III. MW Golden's and Western's Appellate Costs and Attorney Fees
¶ 24 MW Golden and Western request awards of their costs and attorney fees incurred on appeal. As the prevailing parties on appeal, they are entitled to their costs. C.A.R. 39(a). Attorney fees, however, are another matter. MW Golden and Western invoke section 13-22-225(3), which provides that "[o]n the application of a prevailing party to a contested judicial proceeding under section 1322-222, 13-22-223, or 13-22-224, the court may" award attorney fees and other reasonable expenses of litigation and add such fees and expenses to a judgment confirming an award. It isn't clear that this provision applies to appeals to this court. But we will assume that it does. Any award under this statute is, as the word "may" indicates, discretionary. See Unif. Arb. Act § 25 cmts. 3, 5 (revised 2000), 7 pt. IA U.L.A. 90 (2009); see also A.S. v. People, 2013 CO 63, ¶ 21. Though a close call, we deny MW Golden and Western's request.

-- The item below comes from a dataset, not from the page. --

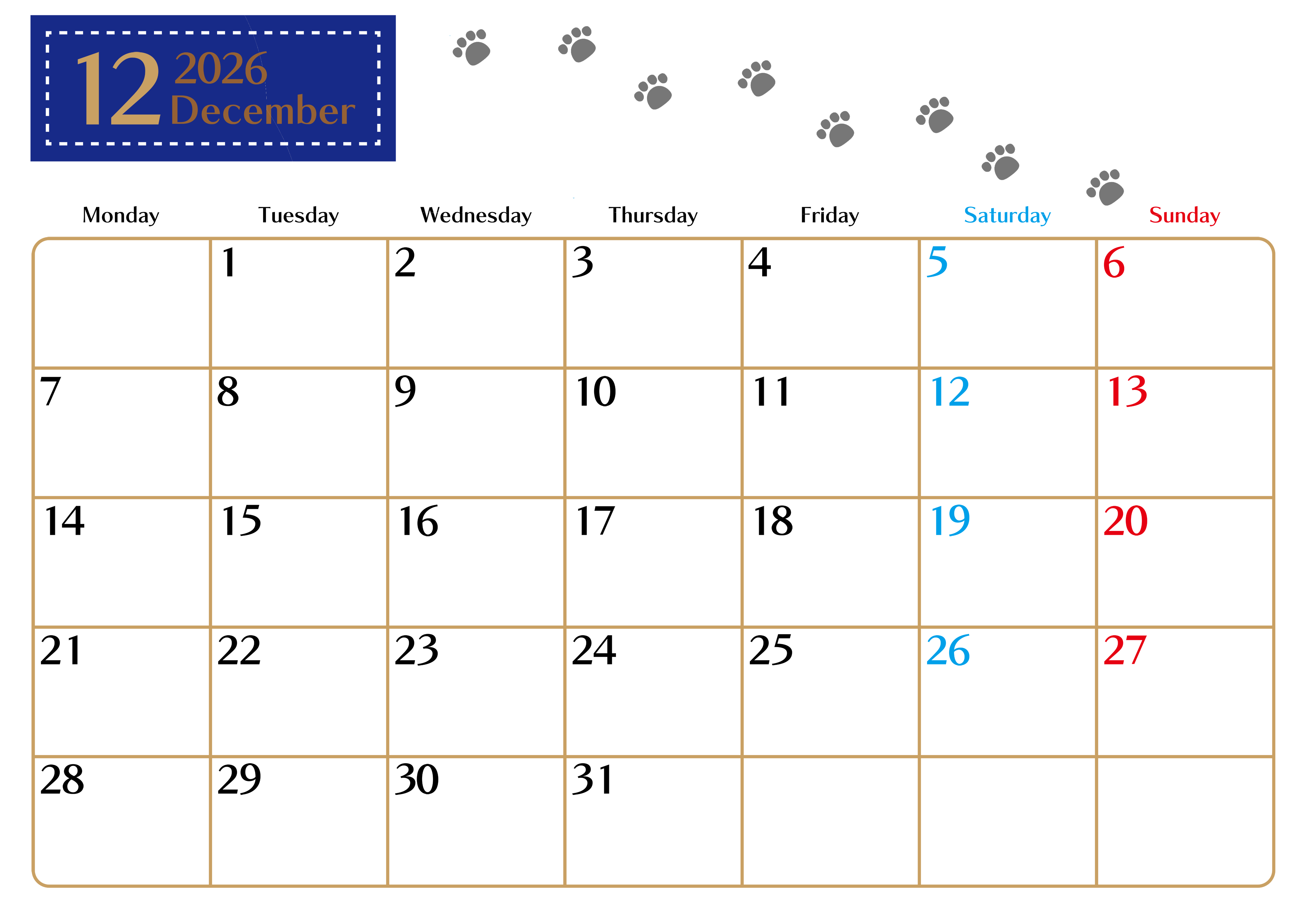 2026年・無料のカレンダーテンプレート 2026年12月カレンダーは横型月曜始まりで猫の肉球にほっこり癒されるゆるおしゃれデザイン♪ダウンロードは無料♪(2026-01281201) 素材状デザイン王 2025年4月9日 2026年12月カレンダーは横型月曜始まりで猫の肉球にほっこり癒されるゆるおしゃれデザインです。ダウンロードは無料なので自由にお好みでご利用ください。忙しい毎日をほっこりさせてくれるカレンダーです。(2026-01281201) おしゃれ 12月 猫 横型のカレンダー 月曜始まり カレンダーデザイン-0128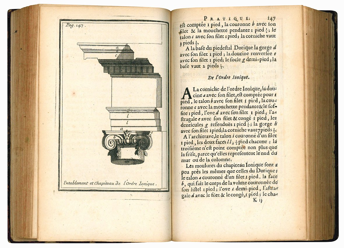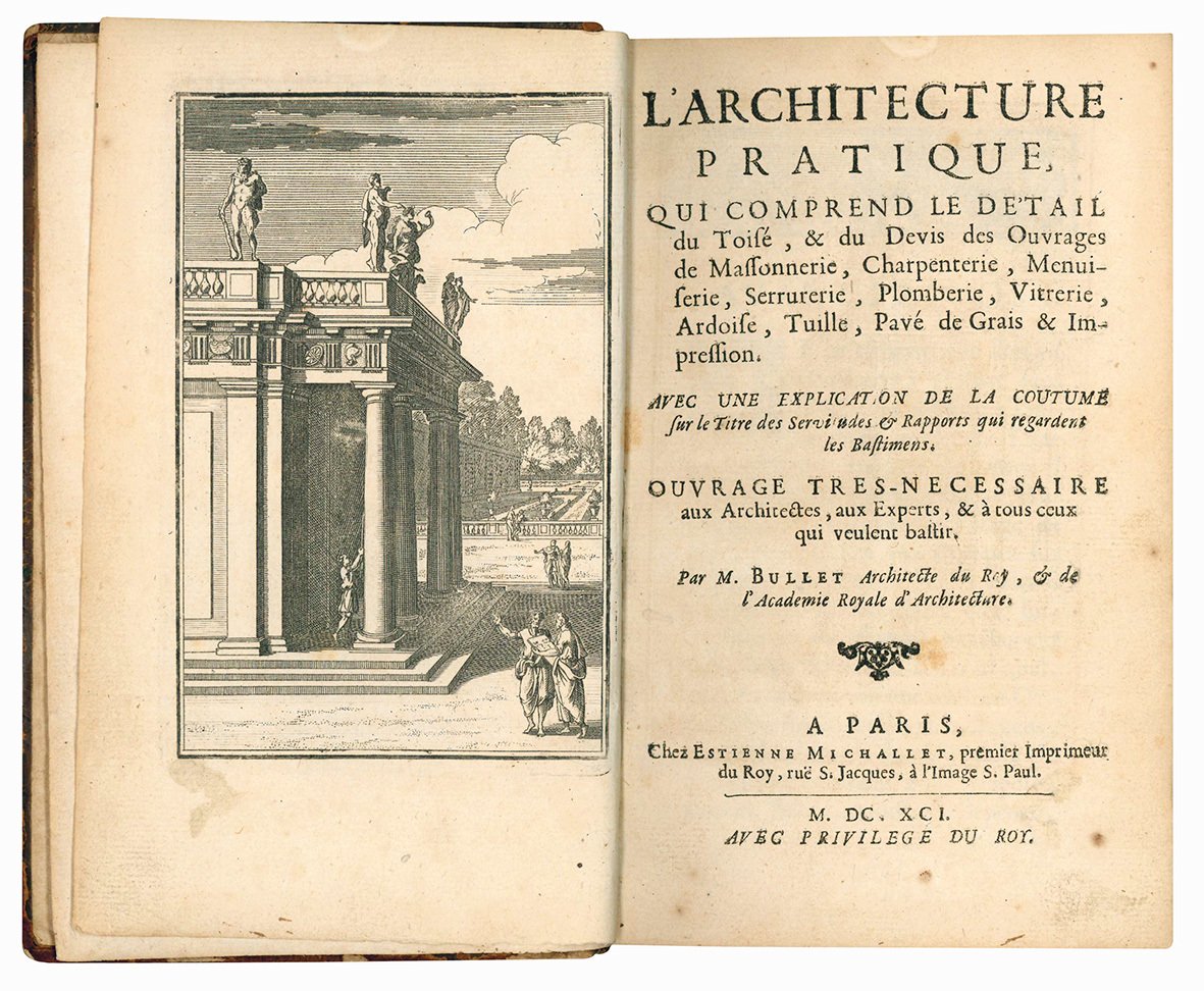 L'architecture pratique, qui comprend le détail du toisé, & du devis des ouvrages de massonnerie, charpenterie, menuiserie, serrurerie, plomberie, vitrerie, ardoise, tuille, pavé de grais & impression. Avec une explication de la Coutume sur le titre des servitudes & rapports qui regardent les bastimens [...]

MW Golden and Western also cite section 13-17-102(4), C.R.S. 2024, in the portion of their answer brief requesting fees. But they don't explain the legal and factual basis for any request under this statute as C.A.R. 39.1 requires. Therefore, we don't address it. See Herbst v. Univ. of Colo. Found., 2022 COA 38, ¶ 20.
IV. Disposition
¶ 25 The appeal is dismissed with prejudice.
JUDGE LIPINSKY and JUDGE SULLIVAN concur.